# Technical Document Extraction: OSWorld Agent Framework
This document provides a comprehensive technical extraction of the provided image, which illustrates a framework for an AI agent interacting with an operating system environment to perform complex tasks.
---
## 1. Task Instruction Examples (Top Section)
The top half of the image displays two distinct task scenarios, each visualized through a three-step sequence showing the agent's interaction with a GUI.
### Task Instruction 1: Bookkeeping Update
**Text Prompt:** "Update the bookkeeping sheet with my recent transactions over the past few days in the provided folder."
**Visual Sequence:**
1. **Initial State:** A spreadsheet application (LibreOffice Calc) is open, titled "Bookkeeping simple".
2. **Action:** The agent navigates to a folder containing image files of physical receipts (e.g., a receipt showing the number "112").
3. **Final State:** The spreadsheet is updated with new rows.
* **Data Table Extraction (Initial State):**
| Description | Category | Type | Amount | Balance |
| :--- | :--- | :--- | :--- | :--- |
| Office Supplies Purchase | Office Supplies | Expense | -150 | 850 |
| Client Payment Received | Sales | Income | 500 | 1350 |
| Internet Bill | Utilities | Expense | -60 | 1290 |
| Freelance Services | Services | Income | 300 | 1590 |
| Rent Payment | Rent | Expense | -700 | 890 |
| Software Subscription | Software | Expense | -100 | 790 |
* **Data Table Extraction (Updated State):** New entries are added below the initial list with values such as -36.93, -5.7, -154.06, and -8.1, resulting in a final balance calculation.
### Task Instruction 2: Coding Assistance
**Text Prompt:** "...some details about snake game omitted... Could you help me tweak the code so the snake can actually eat the food?"
**Visual Sequence:**
1. **Initial State:** VS Code is open with a Python file (`snake.py`).
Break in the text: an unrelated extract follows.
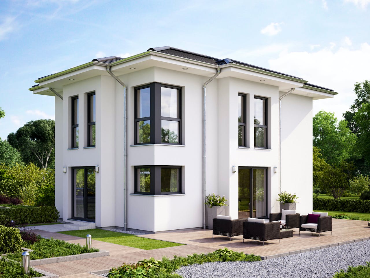 Das elegante Walmdach verleiht dem Haus seinen klassischen Stadtvilla-Charakter und sorgt für eine zeitlose Optik. Ein großer Vorteil ist das vollwertige Obergeschoss ohne störende Dachschrägen. Dadurch genießen Sie in allen Zimmern der oberen Etage maximale Freiheit bei der Möbelplanung und eine großzügige Stehhöhe, was den Wohnkomfort für Ihre Familie deutlich erhöht.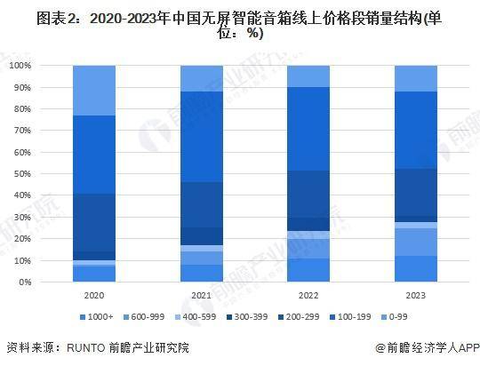 从线上价格段销量结构来看,中国无屏智能音箱市场正逐渐摆脱低价竞争的格局。近年来,千元以上和600-999元价格段产品的市场占比持续增长,反映出消费者对高品质和功能更丰富的智能音箱产品的需求不断增加。与此同时,0-99元的低价产品占比显著下降,进一步证明了市场向高端化发展的趋势。

A game window shows a snake moving but not interacting with food.
2. **Action:** The agent modifies the Python code in the editor. Dotted lines indicate the agent's focus moving between the code logic and the file explorer.
3. **Final State:** The game window shows the snake successfully approaching/consuming a green food pixel.
---
## 2. System Architecture Diagram (Bottom Section)
This section describes the flow of information between the user, the AI agent, and the simulated environment.
### Components and Flow
1. **Input Phase:**
* **Task Instruction:** The user provides a natural language prompt (e.g., the examples above).
* **Task Initial State Setup Config:** This configuration prepares the environment based on the instruction.
2. **The Agent:**
* **Label:** "Agent (e.g., GPT-4V)"
* **Function:** Receives the "input" and interacts with the environment through a loop of observation and action.
3. **OSWorld Environment (Virtual Machine):**
* **OS Support:** Icons for Apple (macOS), Ubuntu (Linux), and Windows.
* **Arbitrary Apps:** Icons for Google Chrome, VLC Media Player, GIMP, Microsoft Excel, VS Code, and Microsoft PowerPoint.
* **Interfaces:** Represented by "GUI" and "Terminal" icons.
4. **Interaction Loop (Observation & Action):**
* **Observation (Environment -> Agent):**
* `screenshot` (Camera icon)
* `a11y-tree` (Accessibility tree/Code icon)
* **Action (Agent -> Environment):**
* `mouse` (Clicking/Movement)
* `keyboard` (Typing)
* The agent "predicts" these actions based on the observation.
5. **Evaluation Phase:**
* **get env state:** The system retrieves the final state of the VM.
* **Final State:** The resulting condition of the OS after agent actions.
* **Execution-based Evaluation:** The final step where the success of the task is measured based on the actual state change in the environment.
---
## 3. Technical Summary of Trends and Logic
* **Multimodal Interaction:** The framework relies on both visual (screenshots) and structural (a11y-tree) data to understand the OS state.
* **Cross-Application Workflow:** Task 1 demonstrates the agent's ability to move data between different types of interfaces (Image Viewer to Spreadsheet).
* **Closed-Loop Execution:** The "Execution-based Evaluation" indicates that the system does not just check if the agent *said* it finished, but verifies if the files/code in the VM were actually altered correctly.
* **Spatial Grounding:** The dotted lines in the task sequences represent the agent's "gaze" or "cursor path," showing precise [x, y] coordinate targeting for clicks and drags.